Input data Block Start

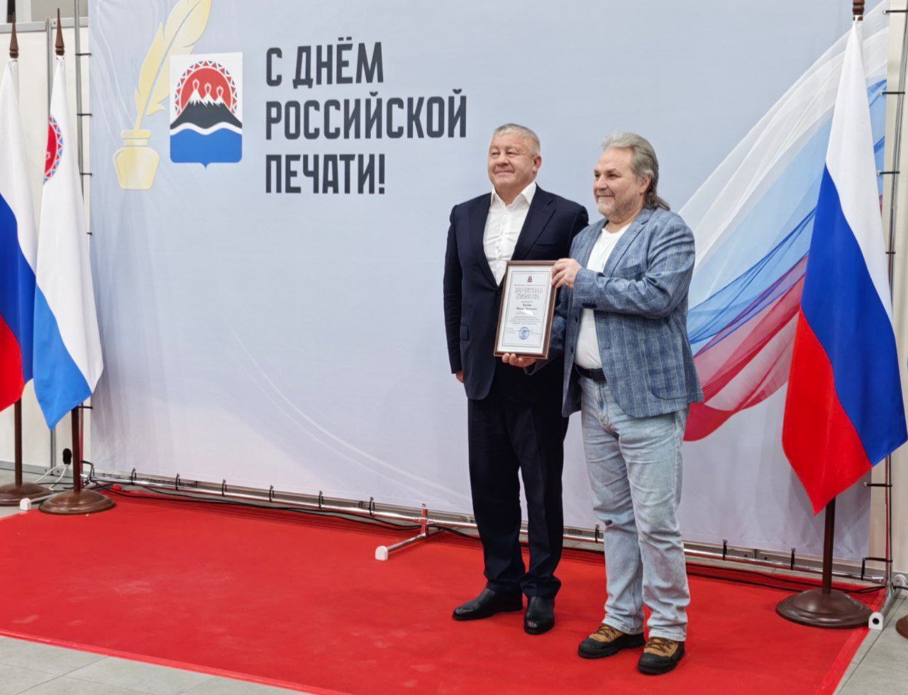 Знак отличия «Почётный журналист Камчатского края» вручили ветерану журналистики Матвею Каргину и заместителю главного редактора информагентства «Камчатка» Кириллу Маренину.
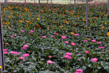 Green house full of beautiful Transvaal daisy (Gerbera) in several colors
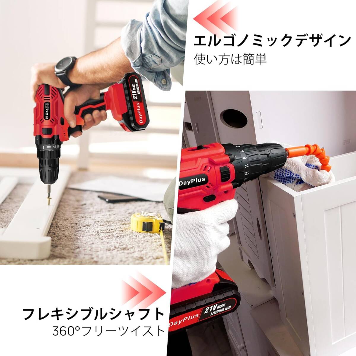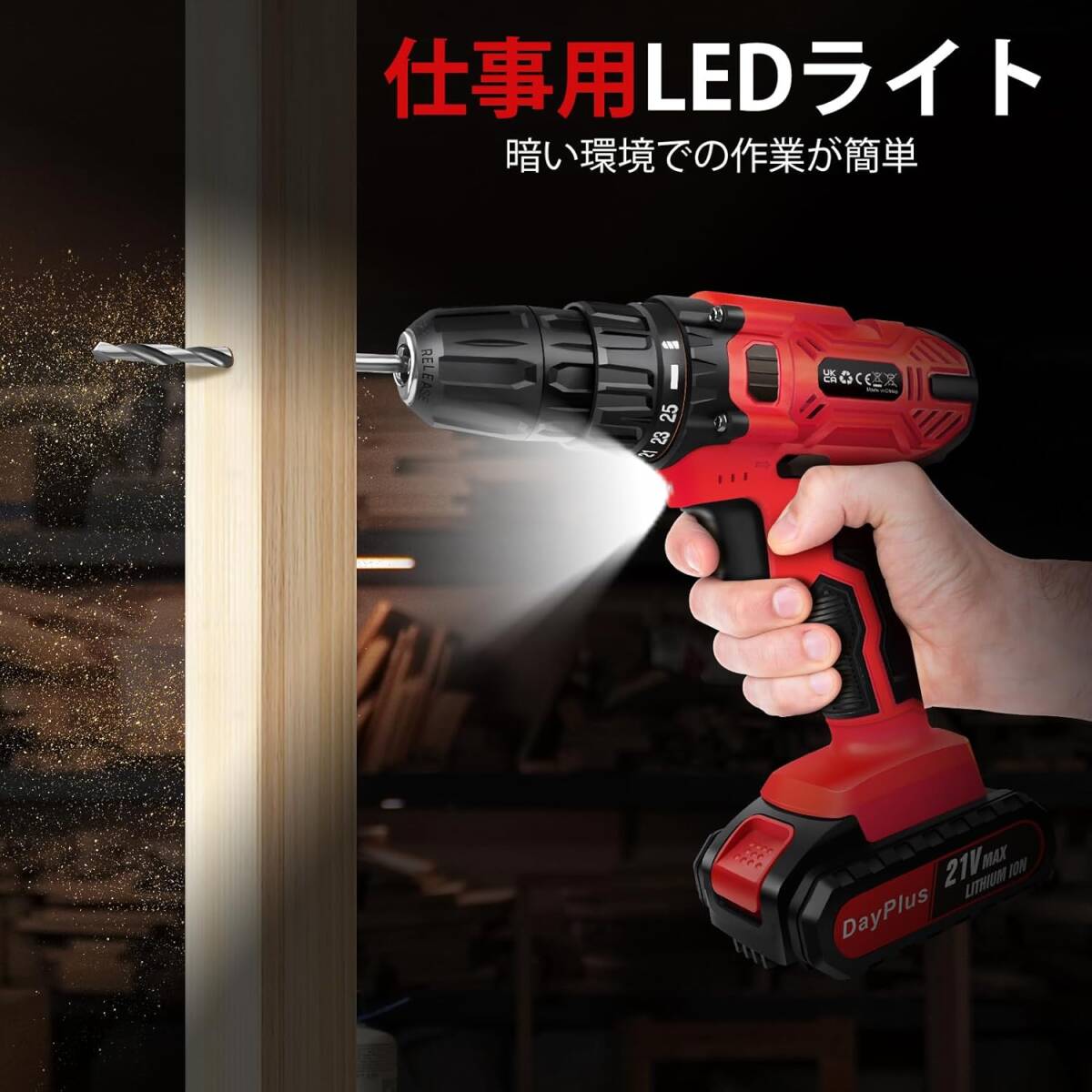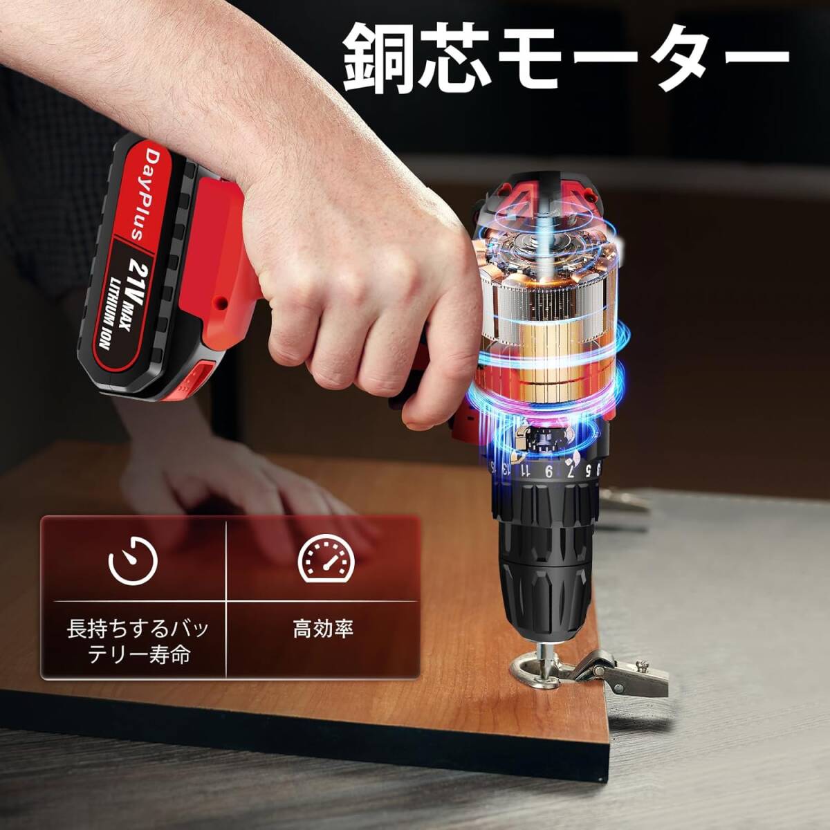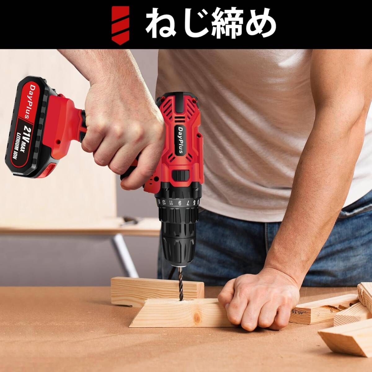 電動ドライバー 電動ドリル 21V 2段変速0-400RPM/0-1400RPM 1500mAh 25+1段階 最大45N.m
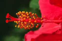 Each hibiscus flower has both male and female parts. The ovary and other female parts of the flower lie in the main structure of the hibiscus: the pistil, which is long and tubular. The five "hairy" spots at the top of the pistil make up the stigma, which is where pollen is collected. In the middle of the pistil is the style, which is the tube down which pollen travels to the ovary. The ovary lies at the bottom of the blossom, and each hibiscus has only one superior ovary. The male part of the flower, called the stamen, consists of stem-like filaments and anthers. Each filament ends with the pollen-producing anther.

Input data Block End
Input data Block Start

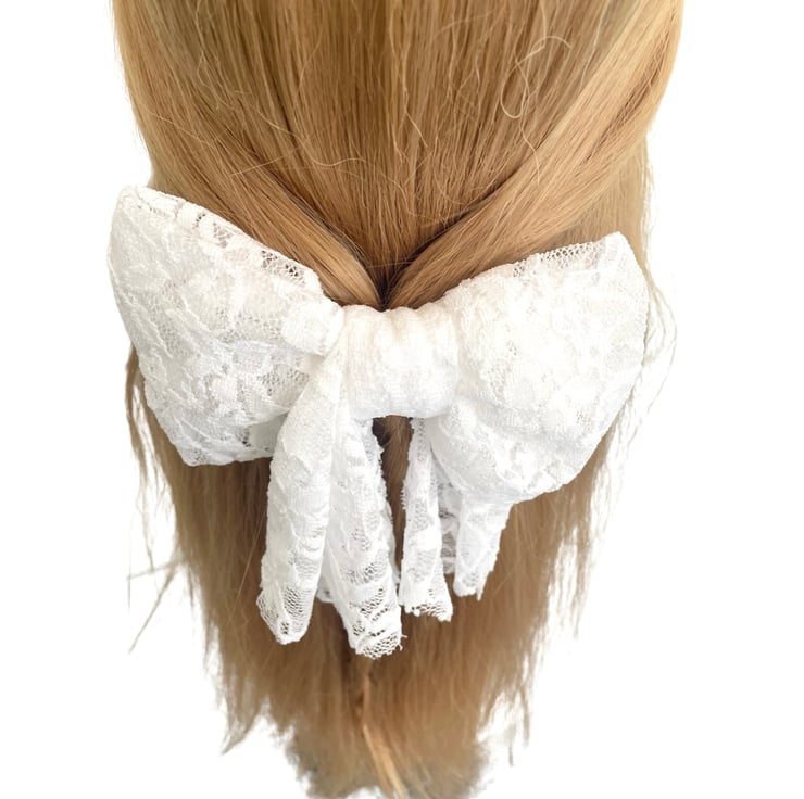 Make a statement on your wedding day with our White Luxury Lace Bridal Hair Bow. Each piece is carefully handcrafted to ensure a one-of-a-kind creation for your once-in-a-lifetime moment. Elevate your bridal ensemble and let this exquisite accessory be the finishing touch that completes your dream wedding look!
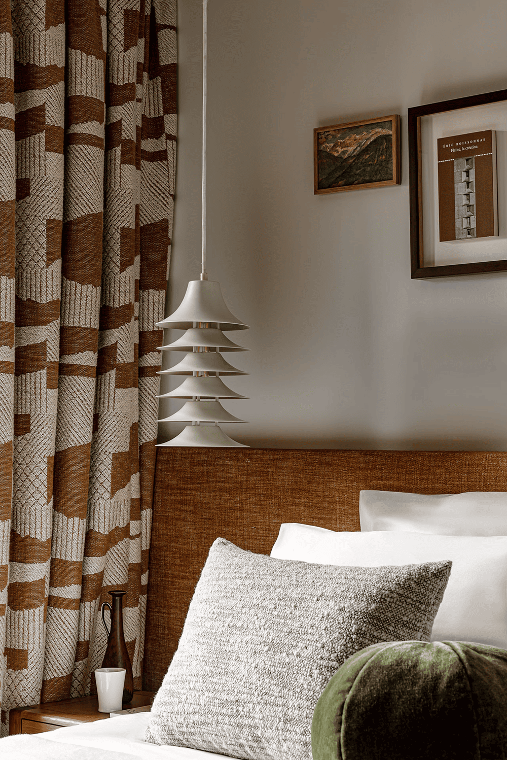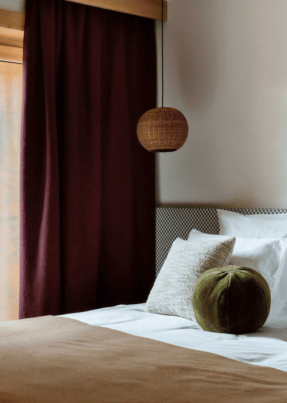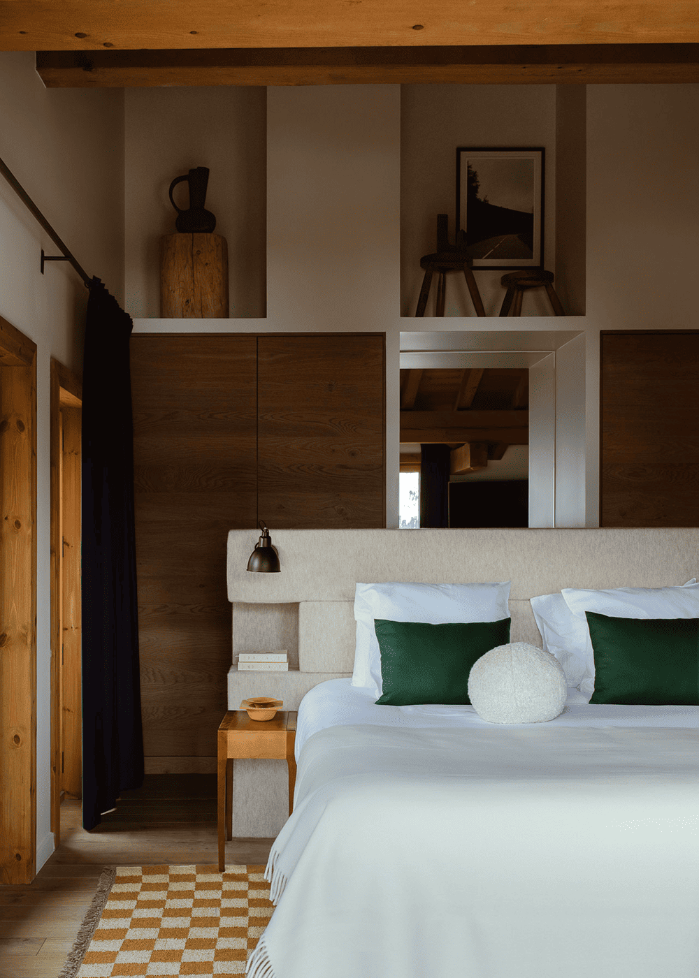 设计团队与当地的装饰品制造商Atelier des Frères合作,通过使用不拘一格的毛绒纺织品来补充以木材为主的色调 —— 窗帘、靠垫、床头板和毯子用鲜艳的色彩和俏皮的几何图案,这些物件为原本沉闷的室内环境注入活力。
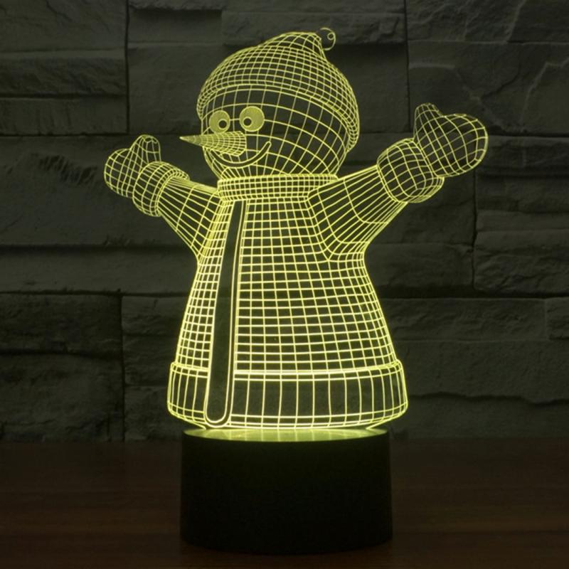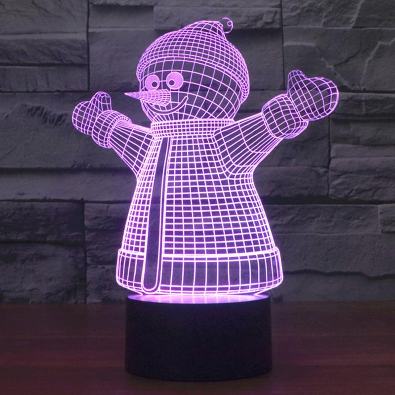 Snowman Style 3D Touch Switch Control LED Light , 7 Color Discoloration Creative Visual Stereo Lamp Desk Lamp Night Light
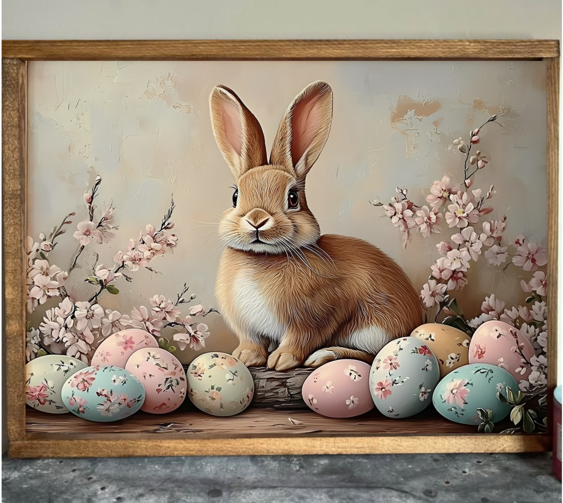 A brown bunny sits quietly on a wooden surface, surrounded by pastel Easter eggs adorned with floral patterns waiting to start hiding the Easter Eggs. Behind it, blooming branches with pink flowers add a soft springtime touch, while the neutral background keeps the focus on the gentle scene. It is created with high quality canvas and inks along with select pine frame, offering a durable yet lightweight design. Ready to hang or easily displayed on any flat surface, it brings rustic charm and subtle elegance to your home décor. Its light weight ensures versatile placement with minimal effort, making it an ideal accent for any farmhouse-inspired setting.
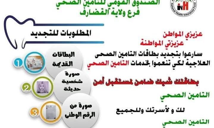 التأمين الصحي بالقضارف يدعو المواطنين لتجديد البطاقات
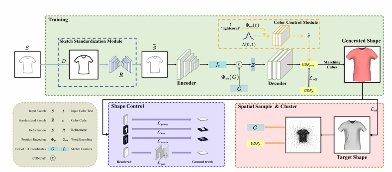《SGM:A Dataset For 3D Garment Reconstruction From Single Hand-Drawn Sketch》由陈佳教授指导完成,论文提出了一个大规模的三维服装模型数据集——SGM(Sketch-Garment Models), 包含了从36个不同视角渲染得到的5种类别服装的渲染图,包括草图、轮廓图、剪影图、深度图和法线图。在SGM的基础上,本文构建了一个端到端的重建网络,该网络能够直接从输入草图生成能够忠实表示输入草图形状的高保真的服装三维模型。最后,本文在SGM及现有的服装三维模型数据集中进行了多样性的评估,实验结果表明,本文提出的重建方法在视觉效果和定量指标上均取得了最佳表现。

Input data Block End
Input data Block Start

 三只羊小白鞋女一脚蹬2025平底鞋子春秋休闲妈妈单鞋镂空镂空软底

Input data Block End

> Exercise
Exercise for the records above: copy only the lines from the one with "電動ドライバー 電動ドリル 21V" to the one with "Each hibiscus flower", both ends kept, and drop the pictures.

> Output below
 電動ドライバー 電動ドリル 21V 2段変速0-400RPM/0-1400RPM 1500mAh 25+1段階 最大45N.m
 Each hibiscus flower has both male and female parts. The ovary and other female parts of the flower lie in the main structure of the hibiscus: the pistil, which is long and tubular. The five "hairy" spots at the top of the pistil make up the stigma, which is where pollen is collected. In the middle of the pistil is the style, which is the tube down which pollen travels to the ovary. The ovary lies at the bottom of the blossom, and each hibiscus has only one superior ovary. The male part of the flower, called the stamen, consists of stem-like filaments and anthers. Each filament ends with the pollen-producing anther.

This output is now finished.